▶ [PROBLEM STATEMENT]
Return the run of lines below that opens with the line containing "Pegatina Redonda Simple" and closes with the line containing "例如,采用1平方英寸的銅片,D-Pak的", keeping each one exact.

BEGIN RECORDS SUPPLIED

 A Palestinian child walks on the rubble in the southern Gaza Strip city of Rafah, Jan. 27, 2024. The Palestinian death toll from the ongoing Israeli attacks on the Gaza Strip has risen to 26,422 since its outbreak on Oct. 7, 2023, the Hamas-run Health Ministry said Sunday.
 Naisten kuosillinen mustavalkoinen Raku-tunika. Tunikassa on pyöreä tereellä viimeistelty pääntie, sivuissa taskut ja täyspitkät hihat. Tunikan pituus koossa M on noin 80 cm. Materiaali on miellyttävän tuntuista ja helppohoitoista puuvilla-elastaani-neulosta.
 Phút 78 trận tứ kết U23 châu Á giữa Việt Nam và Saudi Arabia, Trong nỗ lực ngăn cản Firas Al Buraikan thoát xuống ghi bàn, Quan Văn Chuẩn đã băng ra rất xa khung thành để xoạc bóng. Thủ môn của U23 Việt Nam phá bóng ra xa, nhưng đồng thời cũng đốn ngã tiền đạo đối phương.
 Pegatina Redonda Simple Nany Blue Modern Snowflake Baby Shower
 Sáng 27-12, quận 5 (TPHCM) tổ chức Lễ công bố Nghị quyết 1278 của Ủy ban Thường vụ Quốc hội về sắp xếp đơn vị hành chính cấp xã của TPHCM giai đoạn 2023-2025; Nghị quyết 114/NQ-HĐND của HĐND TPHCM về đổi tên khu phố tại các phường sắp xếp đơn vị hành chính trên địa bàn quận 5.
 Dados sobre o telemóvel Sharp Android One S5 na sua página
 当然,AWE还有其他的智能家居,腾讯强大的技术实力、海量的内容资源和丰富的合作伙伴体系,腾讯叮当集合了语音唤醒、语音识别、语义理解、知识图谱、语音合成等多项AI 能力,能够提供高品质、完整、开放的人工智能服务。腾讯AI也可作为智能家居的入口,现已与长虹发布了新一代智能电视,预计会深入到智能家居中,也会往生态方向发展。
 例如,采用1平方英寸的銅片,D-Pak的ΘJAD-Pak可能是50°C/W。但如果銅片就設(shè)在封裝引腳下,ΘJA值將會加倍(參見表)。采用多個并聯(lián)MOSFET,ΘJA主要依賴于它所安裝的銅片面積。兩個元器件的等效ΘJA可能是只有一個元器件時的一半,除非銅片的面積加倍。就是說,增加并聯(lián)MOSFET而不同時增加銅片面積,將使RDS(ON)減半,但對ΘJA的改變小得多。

END RECORDS SUPPLIED
BEGIN RECORDS SUPPLIED

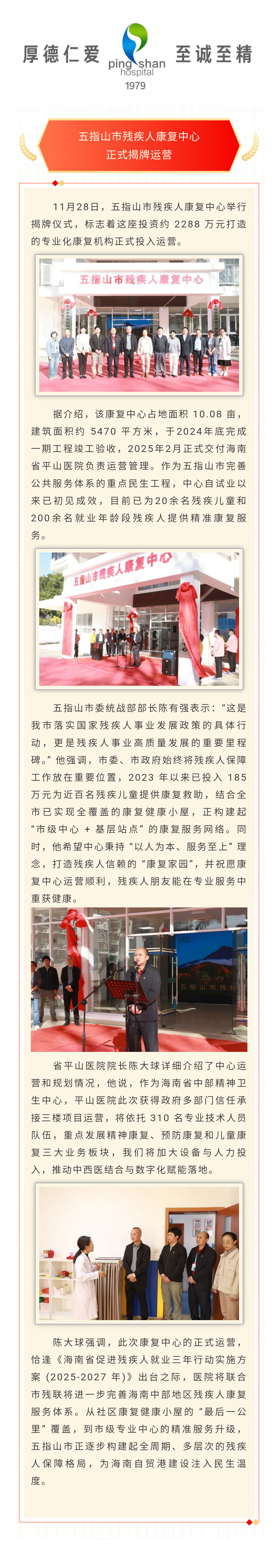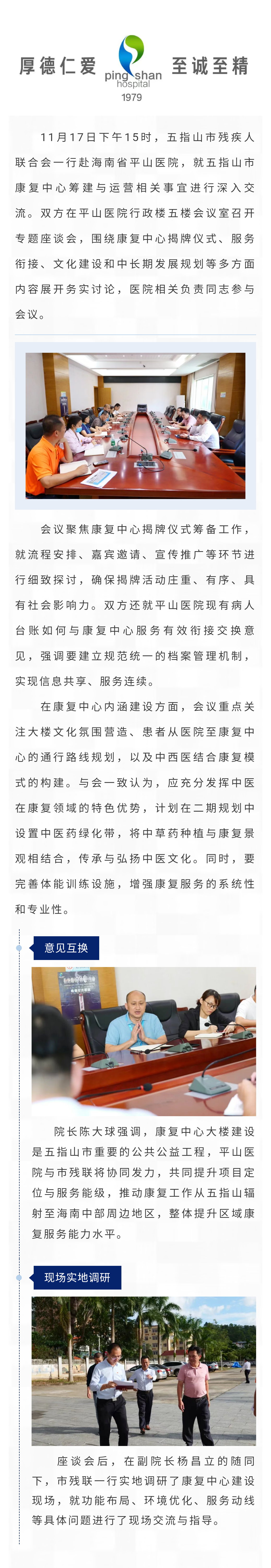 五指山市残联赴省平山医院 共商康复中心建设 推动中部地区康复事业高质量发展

END RECORDS SUPPLIED

▶ [RESULT OF THIS EXERCISE]
 Pegatina Redonda Simple Nany Blue Modern Snowflake Baby Shower
 Sáng 27-12, quận 5 (TPHCM) tổ chức Lễ công bố Nghị quyết 1278 của Ủy ban Thường vụ Quốc hội về sắp xếp đơn vị hành chính cấp xã của TPHCM giai đoạn 2023-2025; Nghị quyết 114/NQ-HĐND của HĐND TPHCM về đổi tên khu phố tại các phường sắp xếp đơn vị hành chính trên địa bàn quận 5.
 Dados sobre o telemóvel Sharp Android One S5 na sua página
 当然,AWE还有其他的智能家居,腾讯强大的技术实力、海量的内容资源和丰富的合作伙伴体系,腾讯叮当集合了语音唤醒、语音识别、语义理解、知识图谱、语音合成等多项AI 能力,能够提供高品质、完整、开放的人工智能服务。腾讯AI也可作为智能家居的入口,现已与长虹发布了新一代智能电视,预计会深入到智能家居中,也会往生态方向发展。
 例如,采用1平方英寸的銅片,D-Pak的ΘJAD-Pak可能是50°C/W。但如果銅片就設(shè)在封裝引腳下,ΘJA值將會加倍(參見表)。采用多個并聯(lián)MOSFET,ΘJA主要依賴于它所安裝的銅片面積。兩個元器件的等效ΘJA可能是只有一個元器件時的一半,除非銅片的面積加倍。就是說,增加并聯(lián)MOSFET而不同時增加銅片面積,將使RDS(ON)減半,但對ΘJA的改變小得多。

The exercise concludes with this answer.